◆ What you are asked to do
Output exactly the lines from the first line of the records below through the line containing "4、美食圖片詳情頁,展示行走", both included, leaving out any pictures.

*** Opening Exercise input ***

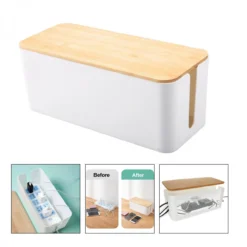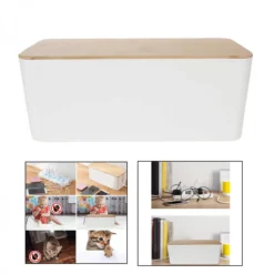 Cette boîte de rangement de câbles est conçue pour dissimuler les cordons d’alimentation, les parasurtenseurs et les chargeurs.
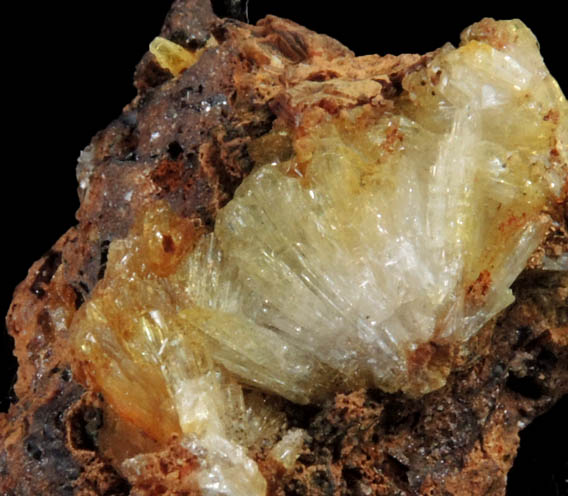 | Description: | Lustrous transparent yellow adamite crystals on brown limonite gossan. The adamite crystals are prismatic form in fan-shaped aggregates of radiating crystals. |
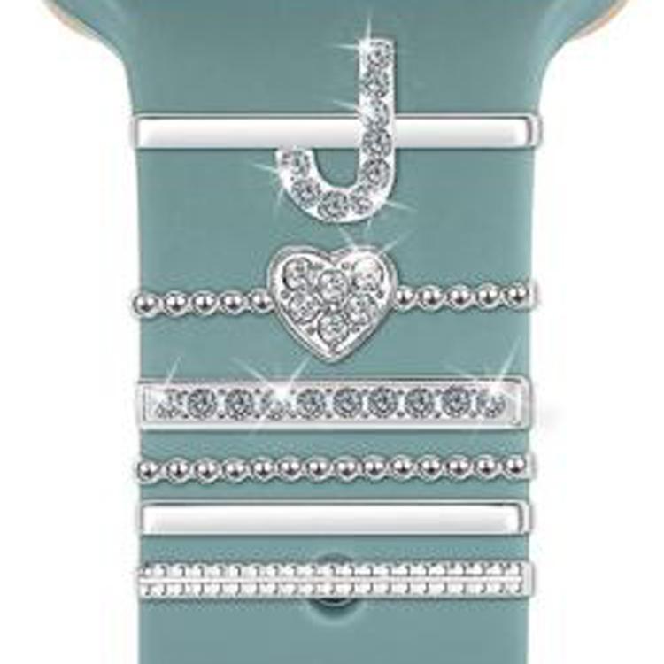 Juego de 6 correas de silicona universales para reloj inteligente, accesorios de metal decorativos, tamaño J (plata)
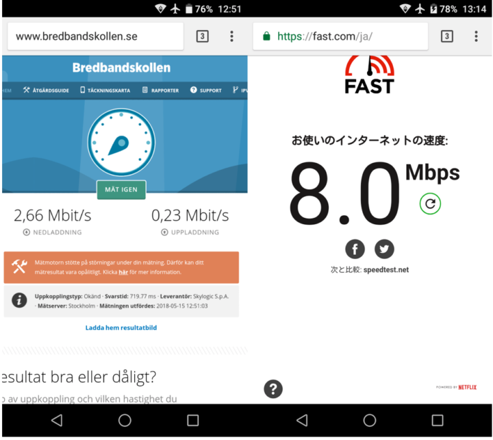 Mätningspunkt Sverige: nedladdning 2,66 Mbps, uppladdning 0,23 Mbps
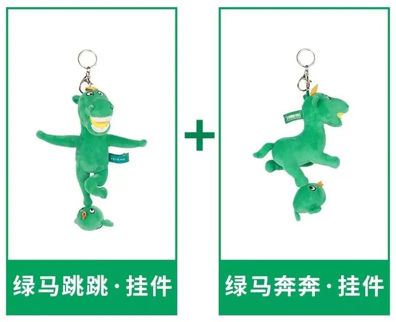 代表性案例是甘肃省博物馆的镇馆之宝铜奔马,以此为原型设计的绿色小马“跳跳和奔奔”,丑萌而魔性。官方介绍里,它属于甘博“神马来了”铜奔马文创IP的衍生品,设计者说,这款绿马玩偶充满积极乐观的精神,想要传递简单真实的快乐和满满的绿色祝福,不畏一切,欢乐前行。
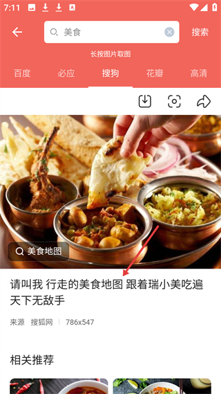 4、美食圖片詳情頁,展示行走的美食地圖圖片,顯示來源尺寸,有下載識圖分享功能,還有相關推薦。
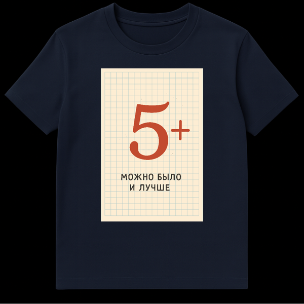 This unique Russian T-Shirt features a retro-academic design with a large red ‘5+’ grade on a notebook paper background. Below it, the phrase ‘ŠŠŠŠŠ ŠŠ«ŠŠ Š ŠŠ£Š§ŠØŠ’ translates to ‘It could have been better,’ capturing a humorous, self-deprecating pursuit of perfection.

*** Closing Exercise input ***

◆ Task solution
 Cette boîte de rangement de câbles est conçue pour dissimuler les cordons d’alimentation, les parasurtenseurs et les chargeurs.
 | Description: | Lustrous transparent yellow adamite crystals on brown limonite gossan. The adamite crystals are prismatic form in fan-shaped aggregates of radiating crystals. |
 Juego de 6 correas de silicona universales para reloj inteligente, accesorios de metal decorativos, tamaño J (plata)
 Mätningspunkt Sverige: nedladdning 2,66 Mbps, uppladdning 0,23 Mbps
 代表性案例是甘肃省博物馆的镇馆之宝铜奔马,以此为原型设计的绿色小马“跳跳和奔奔”,丑萌而魔性。官方介绍里,它属于甘博“神马来了”铜奔马文创IP的衍生品,设计者说,这款绿马玩偶充满积极乐观的精神,想要传递简单真实的快乐和满满的绿色祝福,不畏一切,欢乐前行。
 4、美食圖片詳情頁,展示行走的美食地圖圖片,顯示來源尺寸,有下載識圖分享功能,還有相關推薦。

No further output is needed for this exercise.